Al contrario, ahora que me he sentado a rumiar el tema, me doy cuenta que la pregunta real para esta época la hizo el mismo Fernández Retamar en 1971: ¿qué otra cosa puede hacer Calibán sino utilizar ese mismo idioma para maldecir, para desear que caiga sobre su amo la «roja plaga»?, se pregunta el cubano tras explicar que el símbolo del latinoamericano es aquél al que la literatura shakespeariana ha puesto como un salvaje pero que se rebela en su inconciencia, al que Ernest Renan tomó como ejemplo de los pueblos que buscan su independencia aun sin estar preparados para ella, y al que Rodó ató al materialismo y la indeterminación cultural. Ninguna de esas opciones, dice Fernández Retamar, porque Calibán lo que hace no es ser un inconsciente, ni le falta preparación y mucho menos es parte ciega de un sistema, sino que usa lo que ha aprendido en cautiverio para romper sus ataduras, le hace el vacío al juego del amo para llegar a su objetivo, pues “Calibán es el rudo e inconquistable dueño de la isla”.

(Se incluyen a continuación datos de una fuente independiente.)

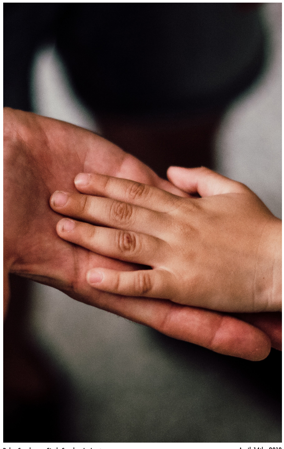
{\bf Palm\ Sunday\ -\ Sixth\ Sunday\ In\ Lent}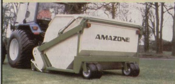
...Mows rough or fine.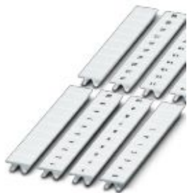
Zack marker strip, 10-section, horizontally labeled with the consecutive numbers: 71 ... 80, white, width: 5 mm

Please be informed that the data shown in this PDF Document is generated from our Online Catalog. Please find the complete data in the user's documentation. Our General Terms of Use for Downloads are valid ( http://phoenixcontact.com/download )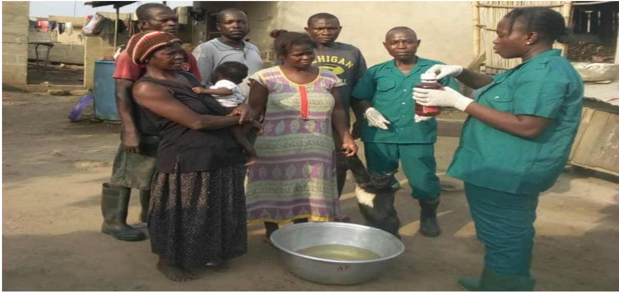
Figure 54: VET AEA together with the AEA for Assin treating some livestock at Assin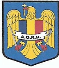
Romanian Reserve Officers Association (AORR)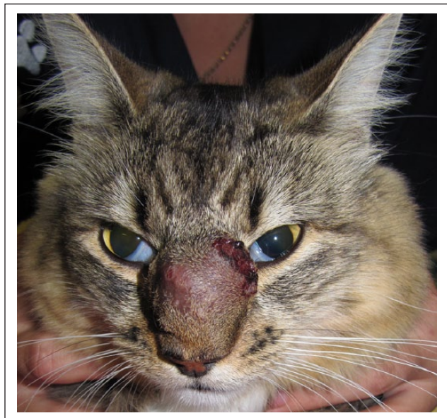
Figure 1 Large subcutaneous swelling over the nasal bridge at initial presentation

empirically with amoxicillin–clavulanate (12.5 mg/kg PO q8h for 10 days) (Amoxyclav; Apex Laboratories) and enrofloxacin (6.25 mg/kg PO q24h for 10 days) (Baytril; Bayer).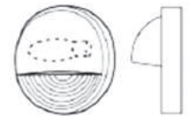
'Eyelid' Step Light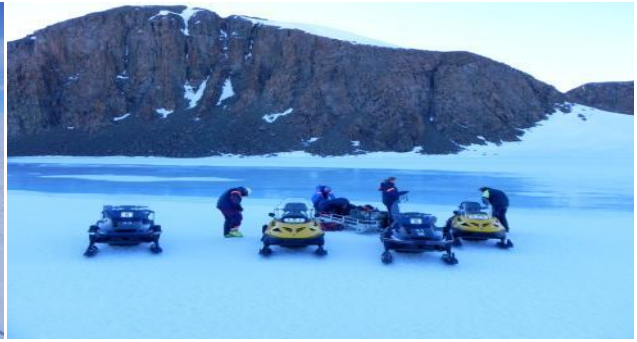
Figure 5: Ski-Doo and geo sled on the way to Robertskollen.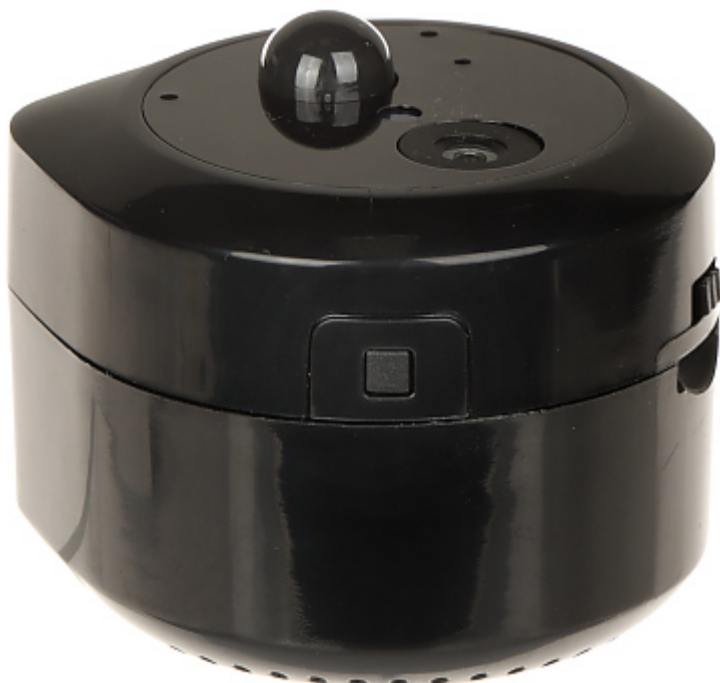
micro USB connector: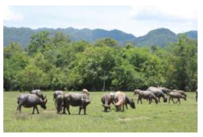
Figure 7: Cows and water buffalos in Kongphat Village

The village headman in Sopkhom Village has 1.5 ha of rice paddy (enough to feed eleven family members), 0.6 ha of riverbank gardens where he grows chili, and eleven cows grazing in the village. In his riverbank garden, he harvests 1.2 tons of chilies a year, which he can sell for 10,000 kip per kilogram to the market in Lak Sao. He is going to lose all his land due to the project; however, he is having difficulties finding replacement land near the resettlement site where he is supposed to move sometime between 2009 and 2011.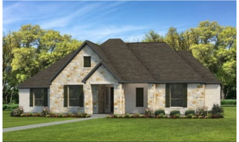
Elevation A | The Barton Springs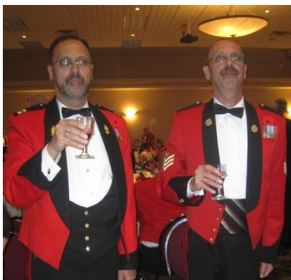
Fig 30 The Brothers Popovits stand for the Artillery Salute.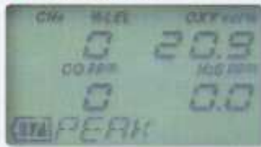
▲ Peak screen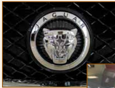
The dealership's Leaper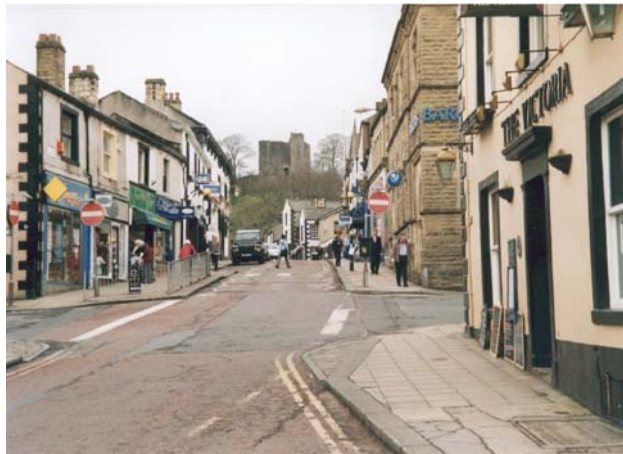
Junction of Castle Street and King Street

The Clitheroe Conservation Area contains the historic core of the medieval town including its principal medieval streets: Castle Street, Market Place, Church Street, Wellgate, Lowergate and Duck Street. In addition, the conservation area's boundaries have been drawn to include the whole of the Castle Grounds, the 19 th century streets of Moor Lane, York Street and King Street together with areas of 19 th century terraced houses along Eshton Terrace, Parsons Lane (Wesleyan Terrace), Brennand Street and St. Mary's Street.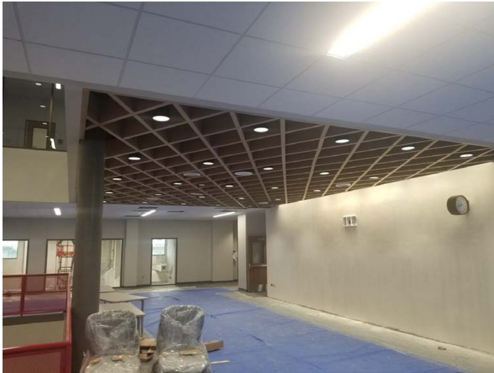
Flex Area at Science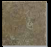
RD96 Green Valley VE 13" x 13"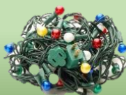
Christmas Lights (With Scrap Metal)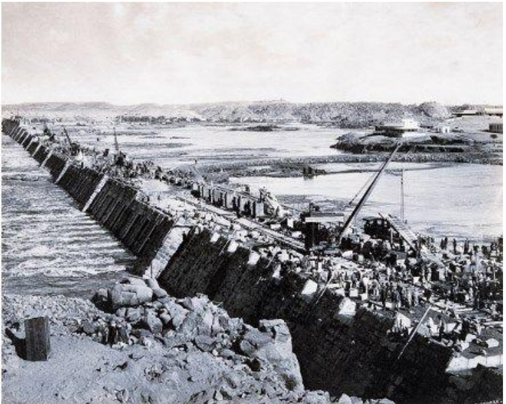
Aswan dam, Egypt. Construction, 1960s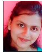
Cinfy K A Plus CCPA 9.05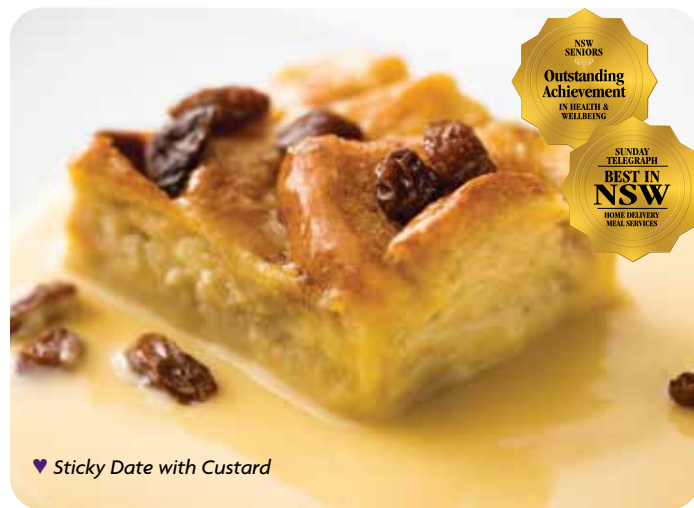
♥ Sticky Date with Custard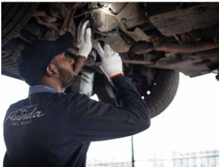
Well trained staff to perform accurate inspections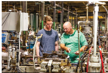
Materials Science and Engineering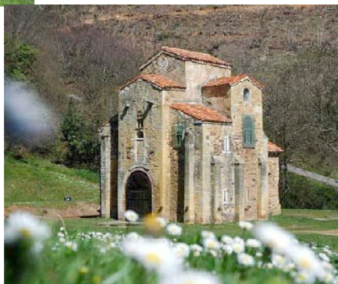
San Miguel de Lillo (IX Century)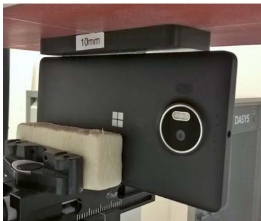
Photo of the device positioned for WR mode measurement – right edge facing phantom. The spacer was removed before the start of the measurements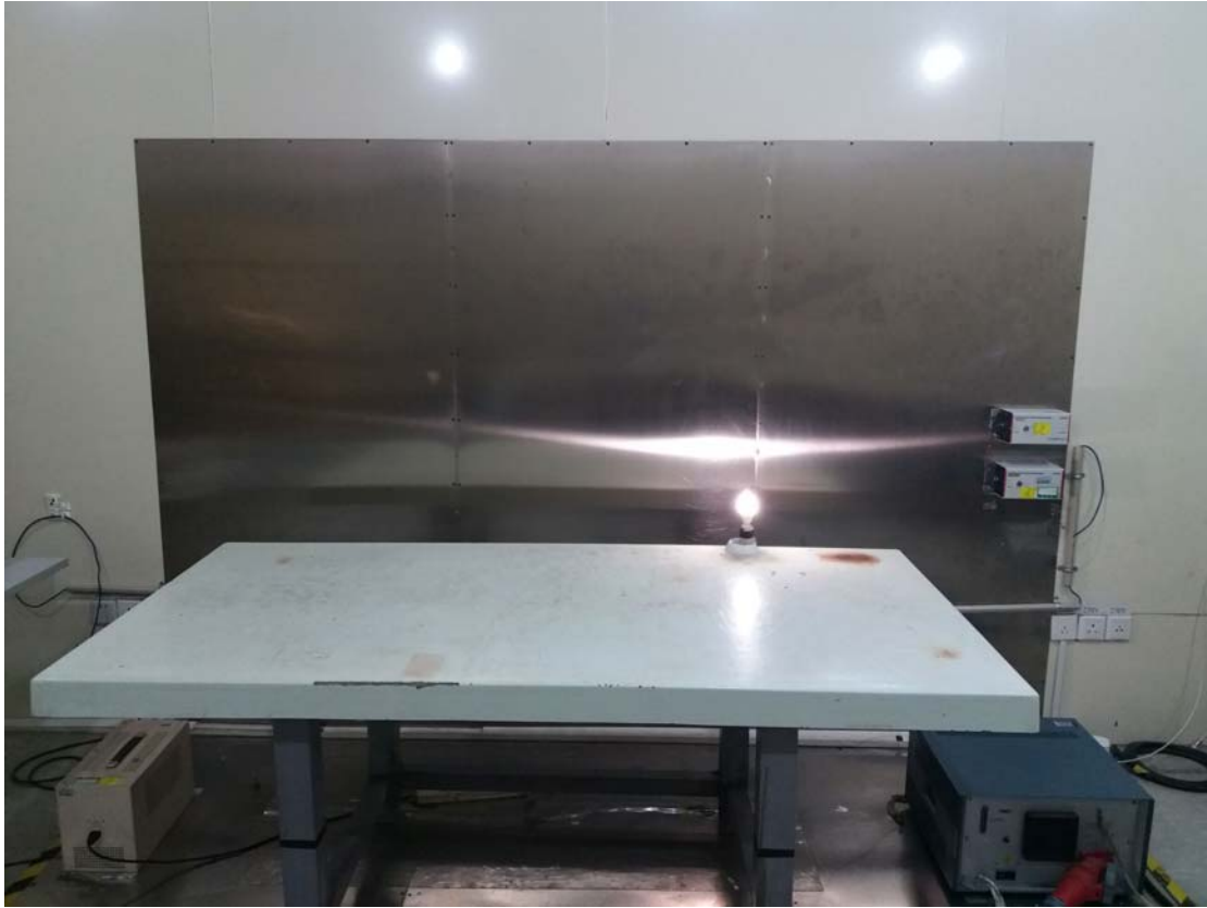
Front View of Conducted Disturbance Measurement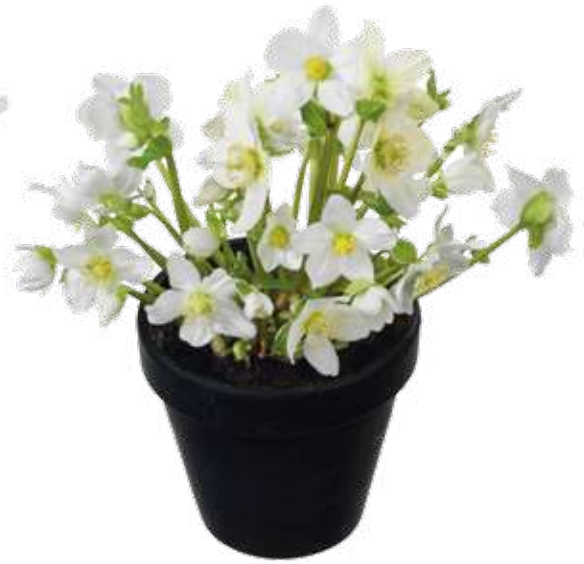
Snow Bird® 'HILNELSNOBI'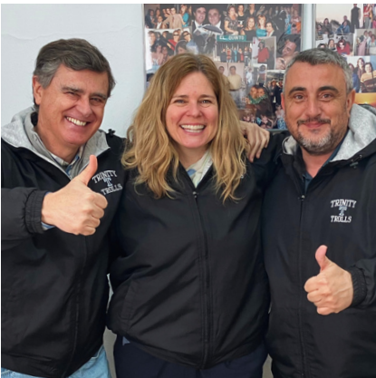
Classes taught by Sevillian professors and homestays with Spanish families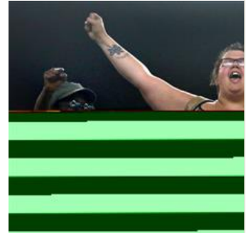
Protest in Wauwatosa stems from officer-involved shooting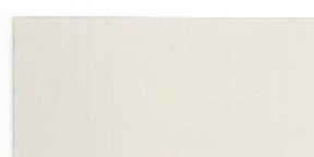
Almond = 10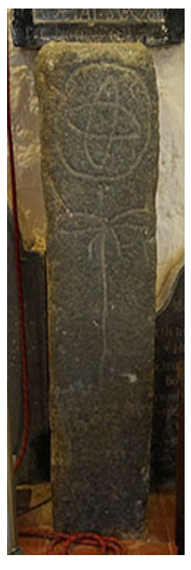
Figure 4. Stone pillar, Llanbadrig.

The church itself is a Grade II* listed building, a structure built of "rubble stonework" and "a variety of mortars" (Voelcker 2012: n.p.). The chancel is unusual in that it is longer and wider than the nave; the assumption is that the church was extended at some time. The baptismal font is of the twelfth century, and the nave and chancel arch are tentatively dated to the fourteenth (Royal Commission 1937/1968: 36). There is also a medieval carved stone at the base of a narrow, perpendicular canopy or niche set in the east wall, to the observer's

Y, entonces, si esa es la pregunta, ¿cuál es la respuesta? La actualidad ha hecho posible encontrarla: Calibán ha sido tentado, desviado de su objetivo, y ha querido ser lo que es el amo en lugar de maldecirlo, usando el idioma que le han impuesto no para explorar su conciencia y oponerse a lo que le daña, sino para copiar y convertirse en el opresor. Por ello cada identidad formada en nuestros días apunta a tener, no a ser: así, la comparación es la raíz del conflicto, y la segregación por cualquier índole es pan diario, desde un gusto simple por un tipo de clima hasta la simpatía por un político. De tal modo, la plaga roja no ha caído sobre Próspero, el amo de Calibán, sino sobre sí mismo, y Calibán ya no es dueño de la isla sino un arrendatario más que gustoso paga, mes con mes, la suscripción a Netflix para sentir que lo ve todo, aunque nada vea.
Quizá, algún día, volvamos a ser el Calibán que veía Fernández Retamar, pues es la mejor versión de Calibán que se ha dilucidado, la más alentadora para nuestros pueblos; pero, por el momento, la respuesta a la que he llegado me hace pensar que no conozco otra metáfora más acertada de nuestra situación cultural, de nuestra realidad, en la actualidad.